* PROBLEM TO WORK ON *
If an entry holds a picture, leave the picture out and copy the rest of the listing exactly.

* THE RECORDS *
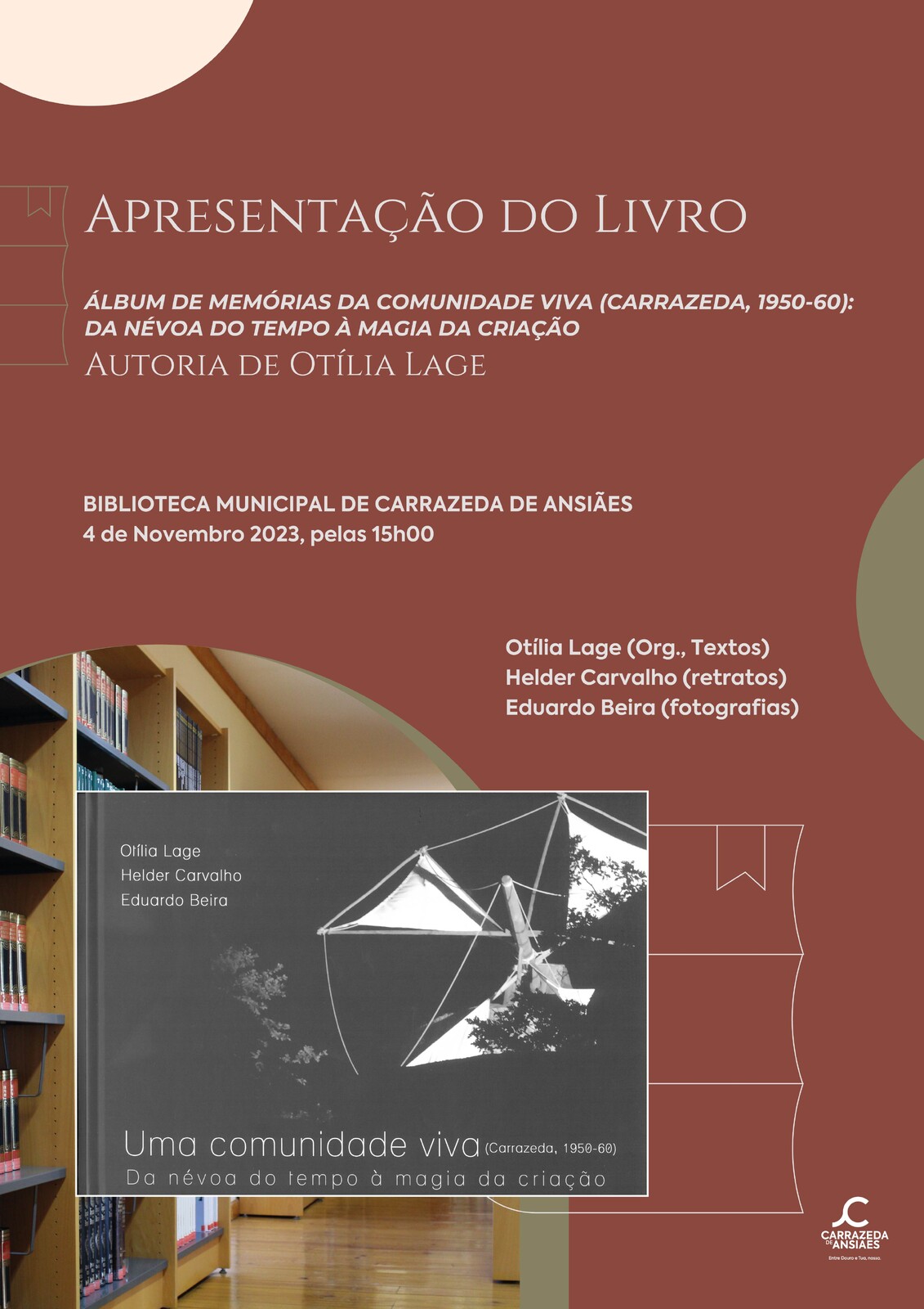Pelas 15h00 viaja-se pelas memórias da comunidade carrazedense dos anos 50 e 60 do séc. XX através dos textos da autora, Otília Lage, dos retratos de Hélder Carvalho e das fotografias de Eduardo Beira em “Álbum de Memórias da Comunidade Viva – Da Névoa do Tempo à Magia da Criação”.
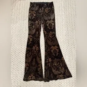 Free People Black and Brown Velvet Pants
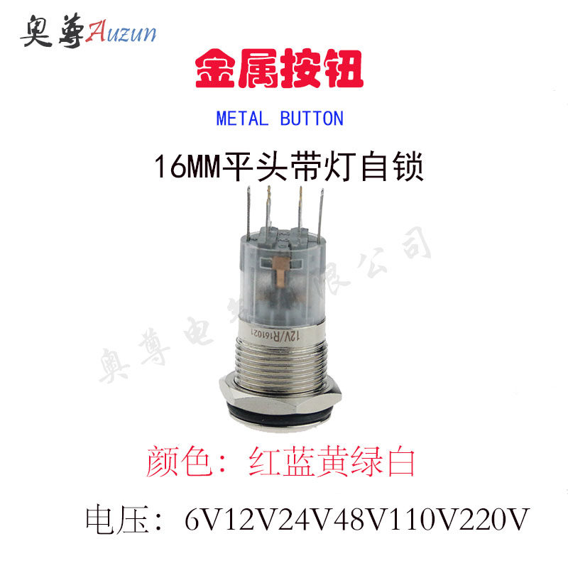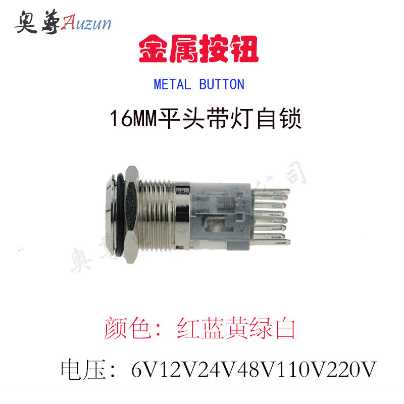 16MM metal button switch self-locking with light button two normally open two normally closed 8 feet to control two devices
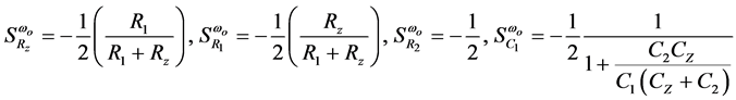 Considering the typical values of various parasitic e.g. Cz = 0.81 pF, Rz = 53 kΩ, β+ = β− = 1 along with C1 = C2 = 100 pF, R1 = R2 = 8 kΩ, the various sensitivities are found to be
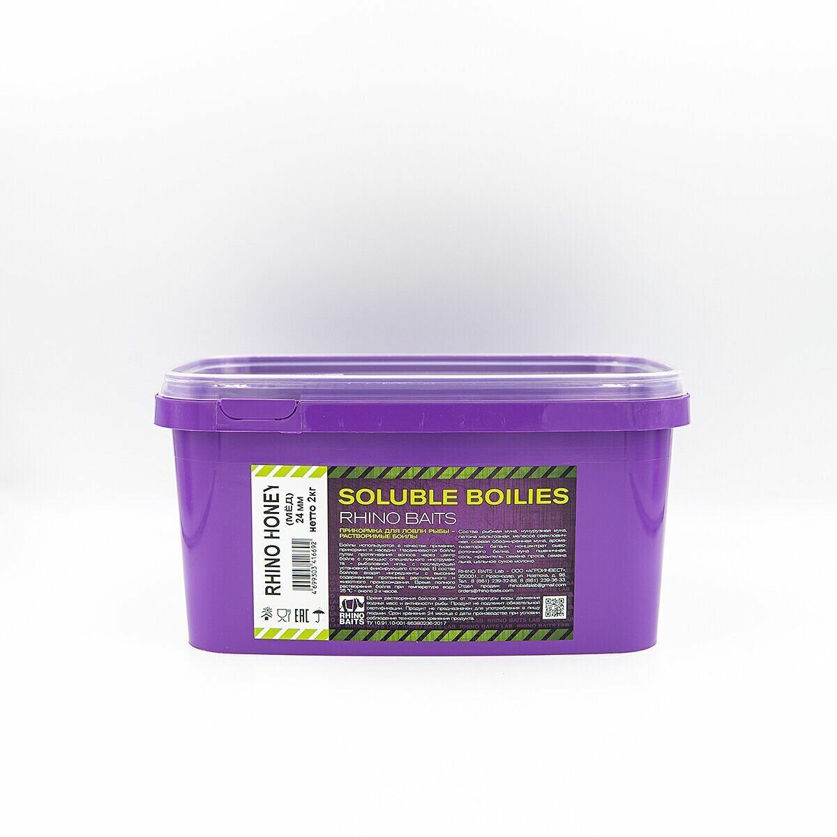 RHINO BAITS Бойлы растворимые Rhino Honey (мёд), 24 мм, ведро 2 кг информация:
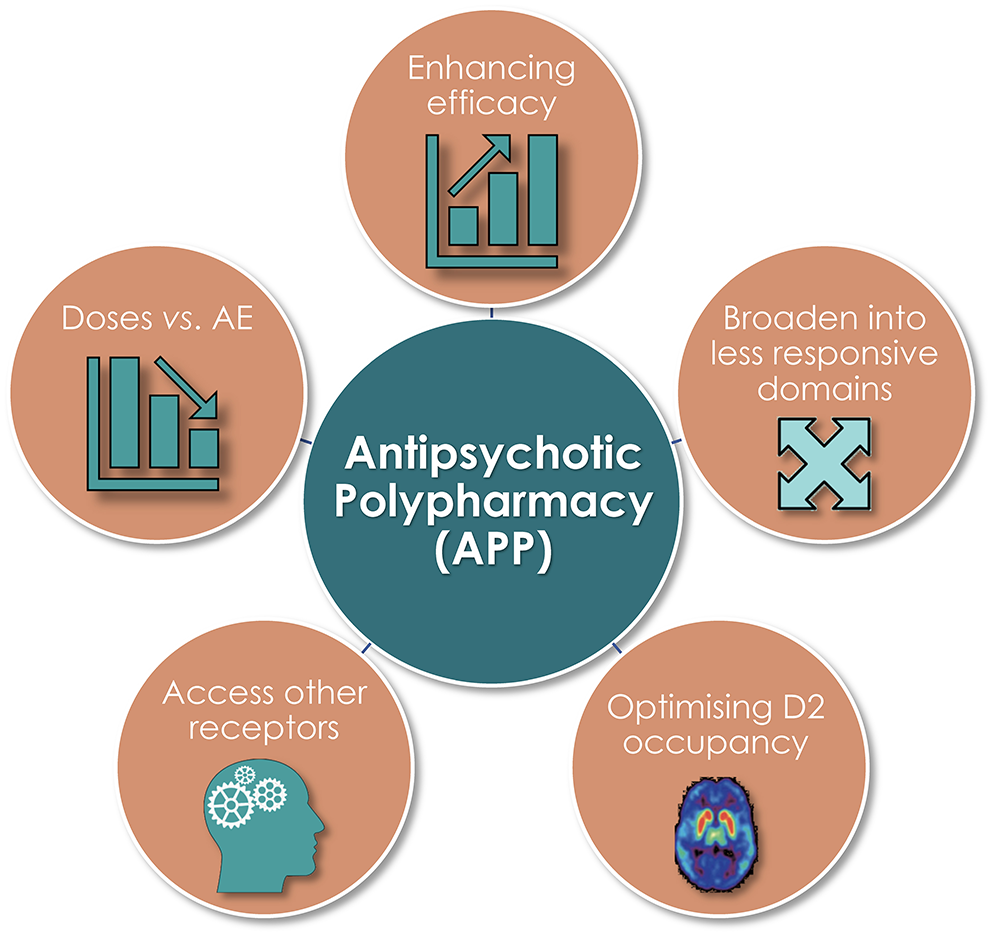 A variety of reasons for instigating APP have been given. These include general desires to enhance, broaden, and sustain treatment efficacy—but also to attenuate adverse events (AE; e.g., weight gain, metabolic issues, and prolactin rise) and as a preventive measure vs. relapse and rehospitalization—relative to the outcome from APM alone. The aforementioned ambitions apply in particular concerning the management of negative and cognitive symptoms, in patients with greater illness severity and complexity, longer duration of illness and hospitalization, and treatment refractoriness (1, 6, 7). Other associations of APP, e.g., with younger age and male sex may stem from more severe (negative) symptoms already at early age in males than in females (7). Observed variations across geographies possibly reflect an impact of local therapy tradition and inherited prescriptions (1).

* OUTPUT FOR THIS TASK *
Pelas 15h00 viaja-se pelas memórias da comunidade carrazedense dos anos 50 e 60 do séc. XX através dos textos da autora, Otília Lage, dos retratos de Hélder Carvalho e das fotografias de Eduardo Beira em “Álbum de Memórias da Comunidade Viva – Da Névoa do Tempo à Magia da Criação”.
 Free People Black and Brown Velvet Pants
 16MM metal button switch self-locking with light button two normally open two normally closed 8 feet to control two devices
 Considering the typical values of various parasitic e.g. Cz = 0.81 pF, Rz = 53 kΩ, β+ = β− = 1 along with C1 = C2 = 100 pF, R1 = R2 = 8 kΩ, the various sensitivities are found to be
 RHINO BAITS Бойлы растворимые Rhino Honey (мёд), 24 мм, ведро 2 кг информация:
 A variety of reasons for instigating APP have been given. These include general desires to enhance, broaden, and sustain treatment efficacy—but also to attenuate adverse events (AE; e.g., weight gain, metabolic issues, and prolactin rise) and as a preventive measure vs. relapse and rehospitalization—relative to the outcome from APM alone. The aforementioned ambitions apply in particular concerning the management of negative and cognitive symptoms, in patients with greater illness severity and complexity, longer duration of illness and hospitalization, and treatment refractoriness (1, 6, 7). Other associations of APP, e.g., with younger age and male sex may stem from more severe (negative) symptoms already at early age in males than in females (7). Observed variations across geographies possibly reflect an impact of local therapy tradition and inherited prescriptions (1).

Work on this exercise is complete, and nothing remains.